More from 12seconds…

by Imran Ali

Following on from last week’s coverage of 12seconds, the service’s creators have been running a ’12second Challenge’, posing questions and setting challenges each day that users must respond to or answer in twelve second bursts. A great way of building enthusiasm and publicity for a service…and creating a generation of evangelists.

12seconds have also been talking about a bunch of  upcoming enhancements and improvements that’re soon coming to the service. These include…

  • Video replies and an improved recorder.
  • Enhanced commenting, tagging, grouping & navigation.
  • URL shortnening for posting to Twitter.
  • Privacy controls.
  • Support for third party services - perhaps Facebook and MySpace?
  • Mobile integration - this already works well with MMS…perhaps they’re looking at installed apps? Video messaging finally comes to iPhone?

12seconds look like they’re being driven by the needs of their alpha testers, a great approach that’ll ensure they deliver the user experience and product that’s really in demand…now what could the business model be…?


12seconds: A video Twitter?

by Imran Ali

Katie LipsA few days ago I received a Twitter from my friend Katie, linking to a twelve-second video of her applying some lipstick. This was my first experience of 12seconds,the recently launched Santa Cruz based startup being heralded as the video of Twitter.

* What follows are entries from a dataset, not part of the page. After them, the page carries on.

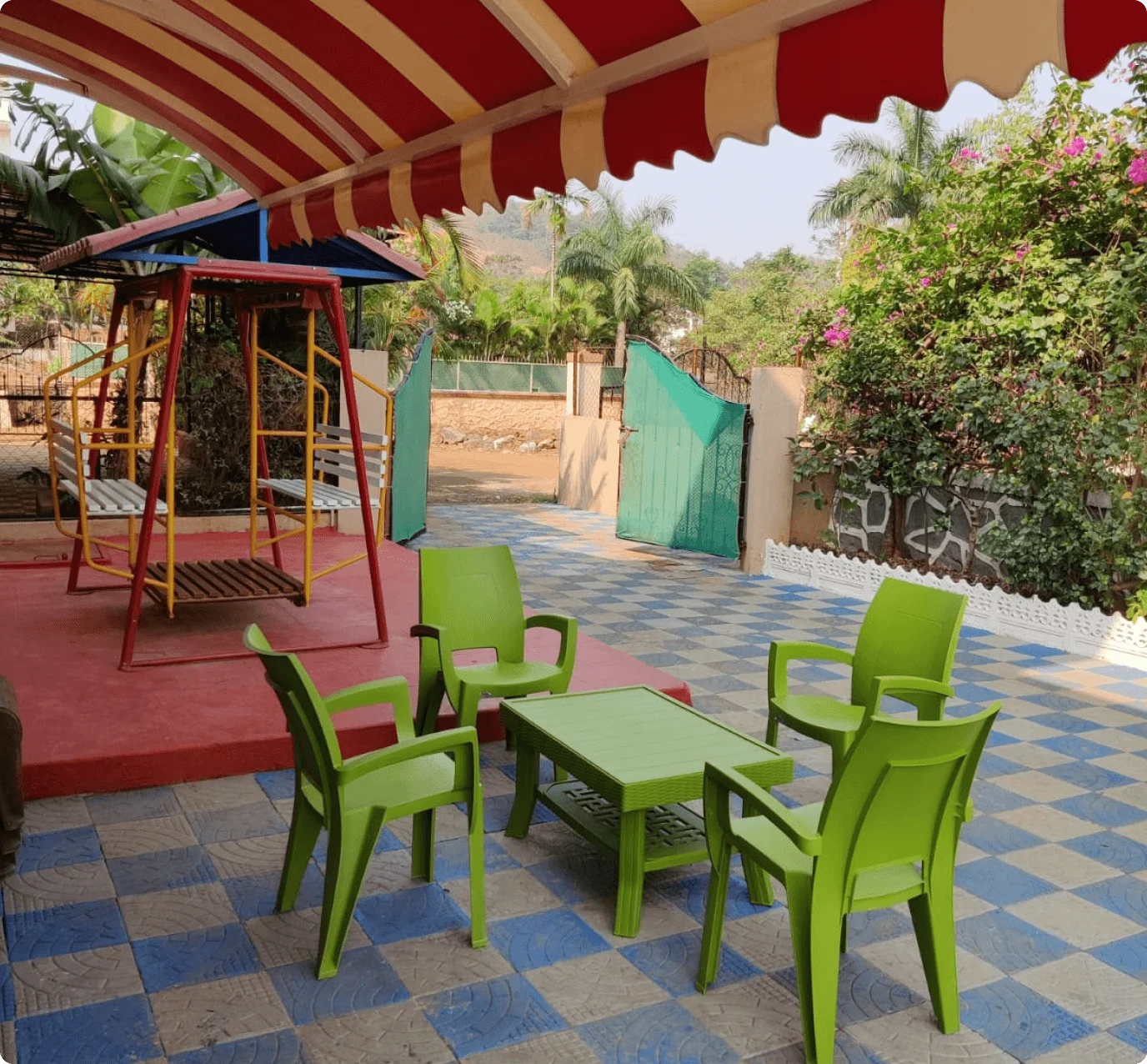 The villa grounds include a garden, tea spot, and a swing, creating a serene retreat. A backup inverter ensures uninterrupted comfort.
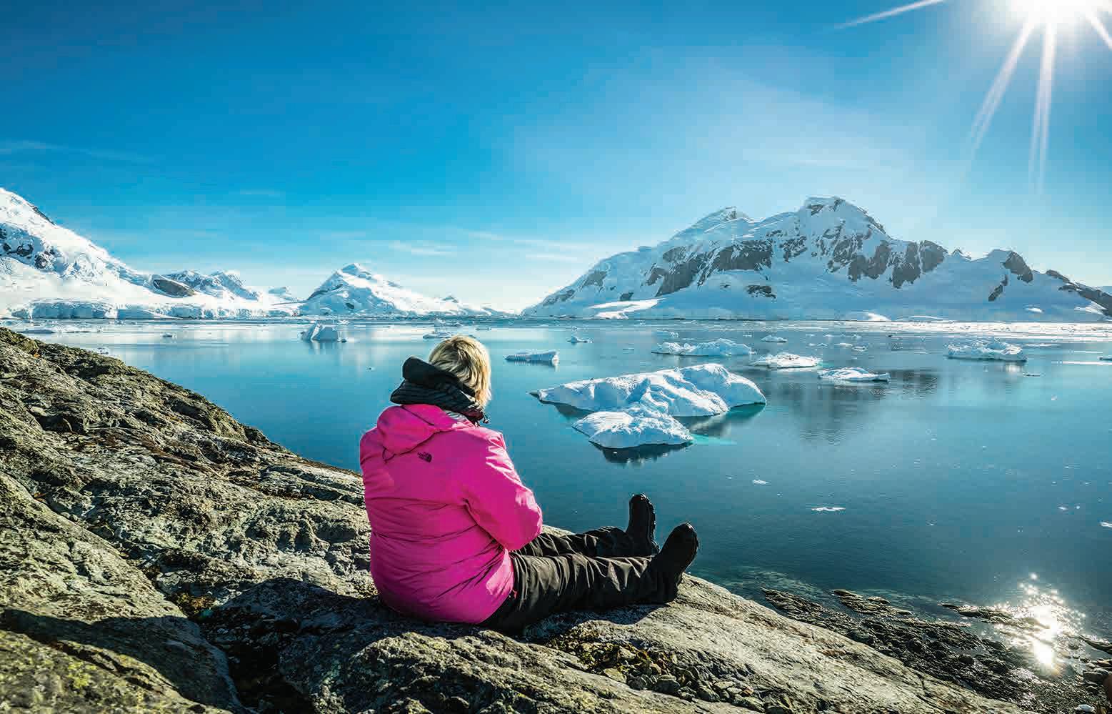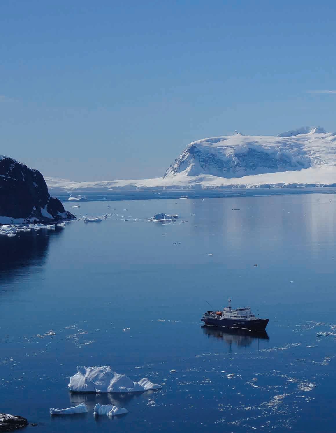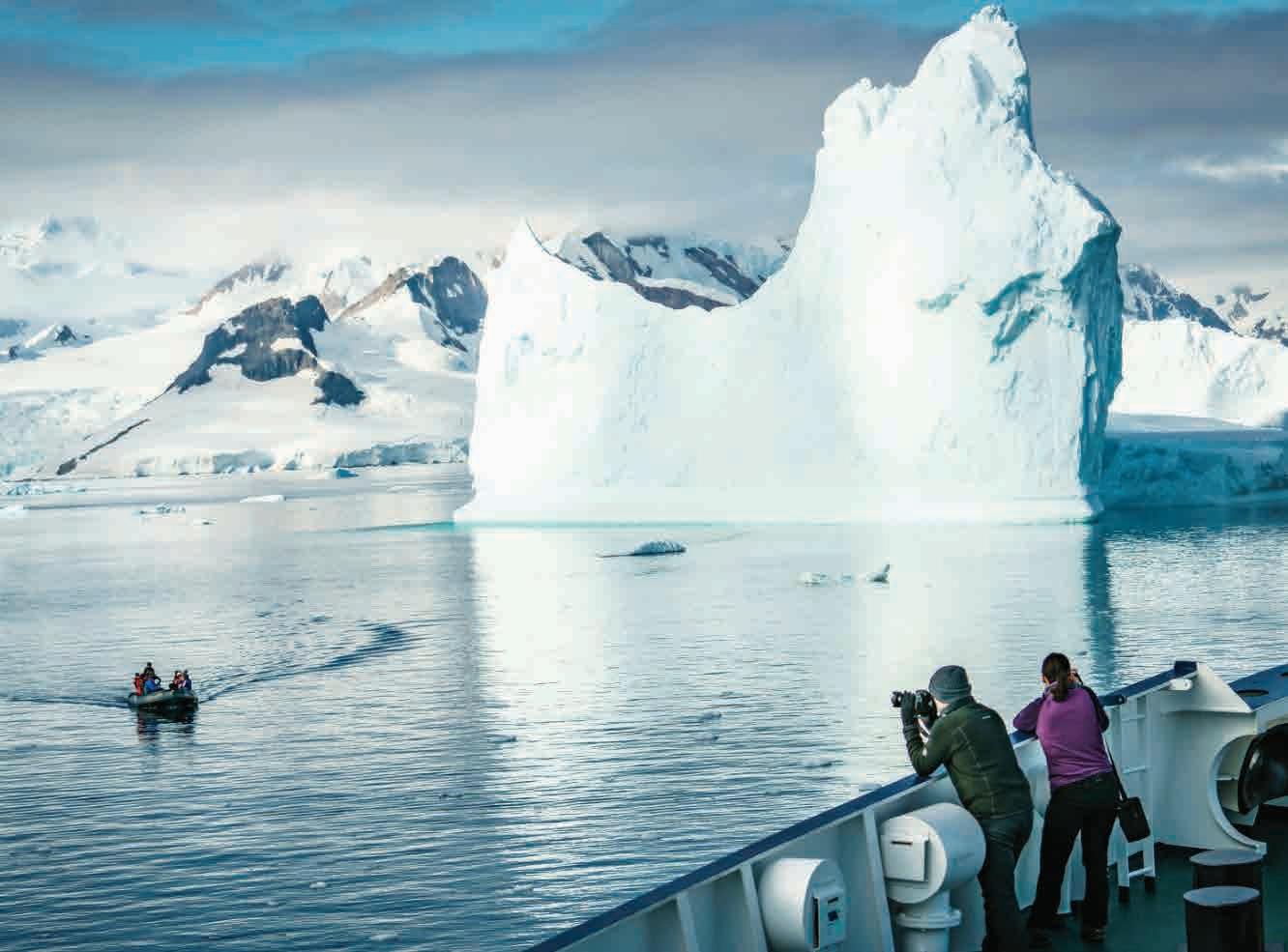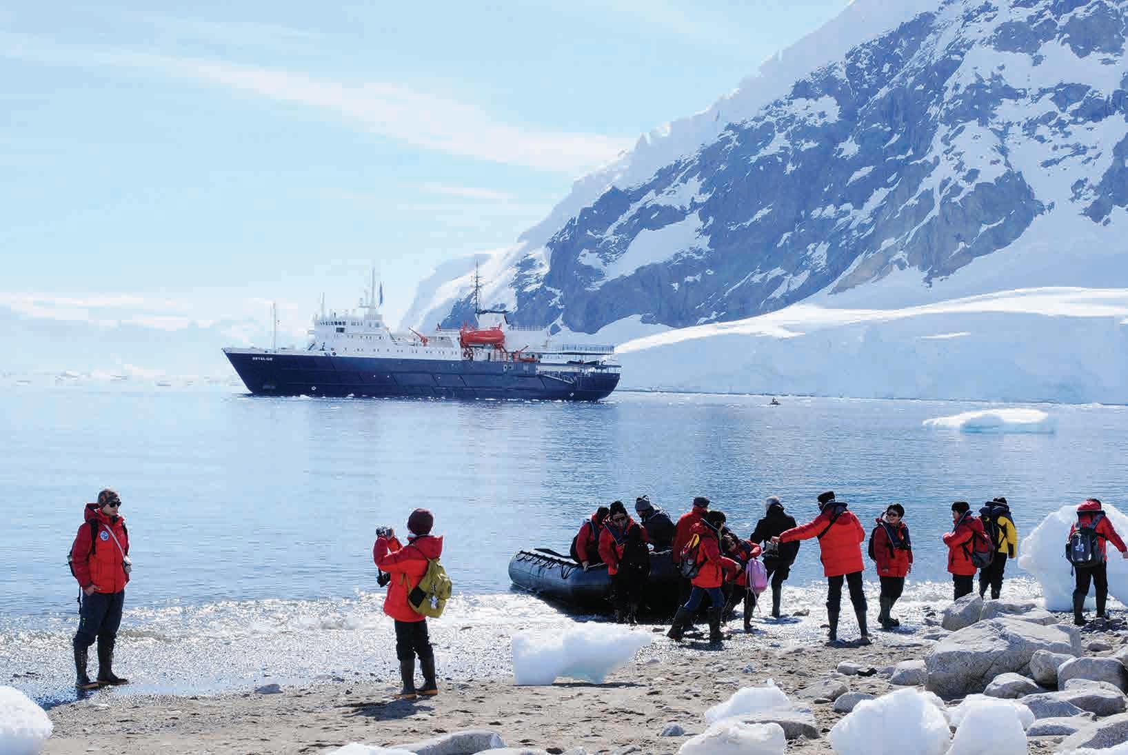 Las excursiones de esquí ofrecen a los entusiastas aventureros la oportunidad de subirse a algunas de las pistas más increí- expeditions. For whichever adventure you choose, you would need to be in reasonably good shape and healthy. Hikes usually last between 2 and 6 hours walking where there are no paths, so you will travel over fairly rugged terrain and take on some hills. Usually with cruises, 1 to 3 types of walks are offered per landing ranging from a casual stroll to a challenging hike. bles del mundo. Los esquiadores experimentados pueden disfrutar de excursiones de un día atravesando picos nevados remotos y luego descender a bahías vírgenes llenas de témpanos flotantes, colonias de pingüinos o incluso ballenas saltando. Otra gran manera de explorar la Antártida es tomar el camino hacia el interior desde las costas polares haciendo expediciones de senderismo. Para cualquier aventura que elija, deberá estar en forma. Las caminatas suelen durar entre 2 y 6 horas caminando donde no hay senderos, por lo que viajará por un terreno bastante accidentado y subirá algunas colinas. En los cruceros, se ofrecen de 1 a 3 tipos de caminatas por desembarco que van desde un paseo informal hasta una caminata más desafiante. No todos los cruceros ofrecen estas actividades, así que tenga cuidado al elegir las salidas del crucero/fechas correctas y reserve con anticipación porque la disponibilidad es muy limitada. Algunos cruceros incluyen estas actividades en el precio, y puede añadirlas con un coste extra para otros. Viajar a la Antártida es un reto que requiere un espíritu aventurero, ¡pero el esfuerzo siempre vale la pena! Es un viaje extraordinario que cambiará su forma de ver el mundo.
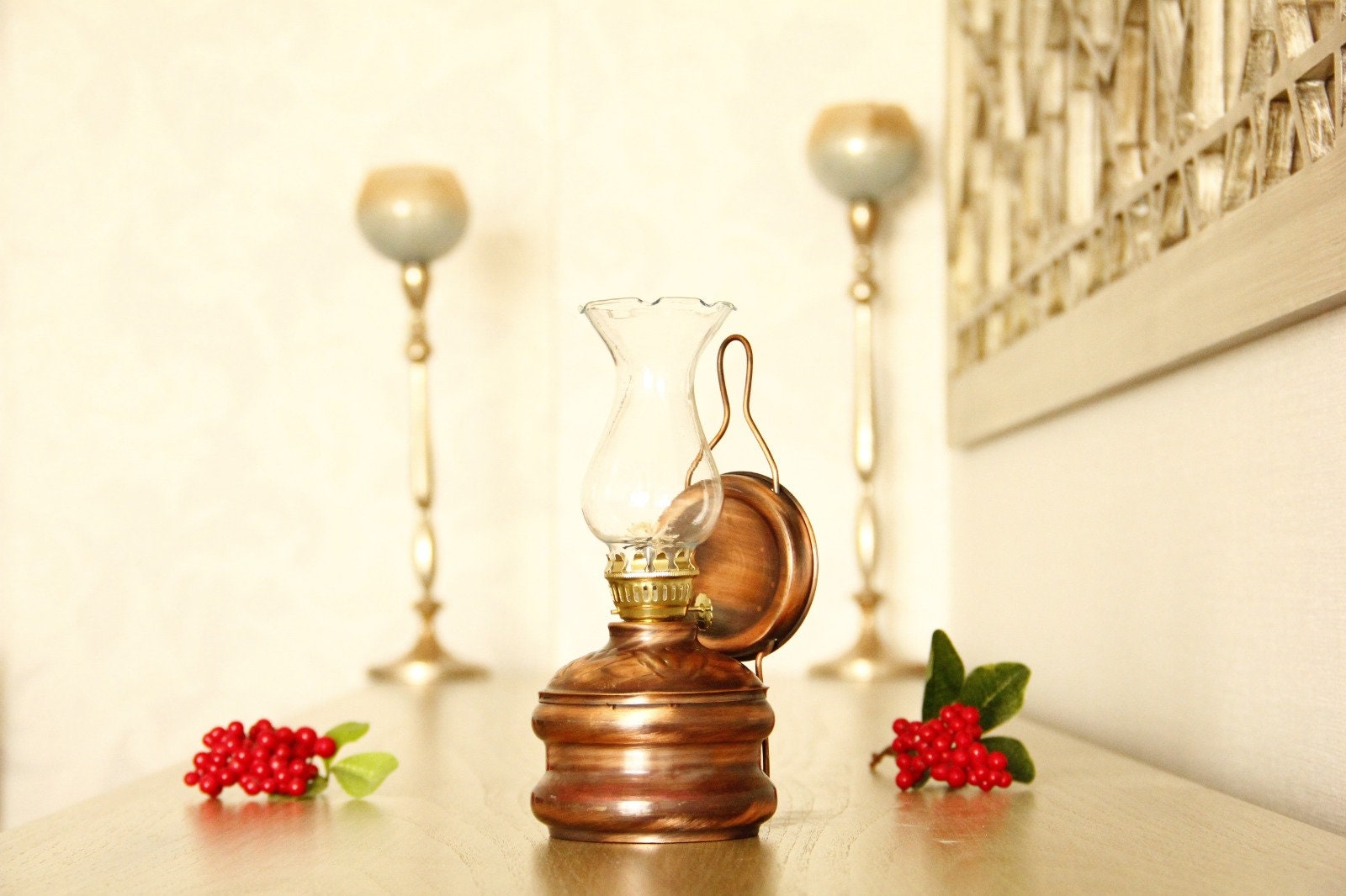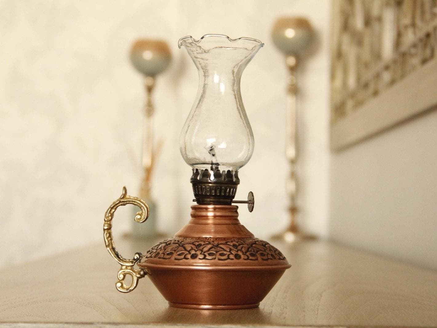 Handmade Vintage Oil Lamp, Oil Lamp, Copper Oil Lamp, Copper Oil La...

Though other services such as Seesmic have sought to emulate the intimacy and immediacy of Twitter in video form,  Seesmic always seemed a little too rich and required too much of a user’s attention, in comparison with the simplicity, sparsity and elegance of Twitter.

As its name suggests, 12seconds limits user’s video messages to a couple dozen seconds, encouraging the same charm, inventiveness and brevity that we see in 140-character Twitters. Where Twitter’s limitation was semi-imposed by the limitations of its medium of choice - the SMS - 12seconds’ limit is an arbitrary boundary cheekily described by the service’s creators as ‘an upper boundary for boredom‘…

The scientists here at the 12seconds dodecaplex have conducted countless hours of research to determine the precise amount of time it takes for boredom or apathy to set in during typical Internet video viewing. Our patent pending Electro-Tear-Duct Prongers have determined that exactly 12 seconds of video is the ideal amount of time to keep anything interesting.

However, 12seconds’ limit may actually position the service ideally for mobility. Squeezing twelve seconds of video from a mobile handset’s forward-facing camera into an MMS is probably quite feasible technically, compatible with most handsets - and as a user experience - recieving a few dozen twelve second video messages is no more distracting than hundreds of Twitters!

It’ll be interesting to see if 12seconds recognises it’s mobile opportunity and whether users take to it as they took to Twitter and its rivals.

For me, receiving Katie’s message invoked a similar emotional response as when I first started to use Twitter - voyeuristic and intimate, potentially distracting, but open to many possibilities and user-created innovations.

12second’s is currently in a closed beta public alpha period…here’s hoping for an invite ;)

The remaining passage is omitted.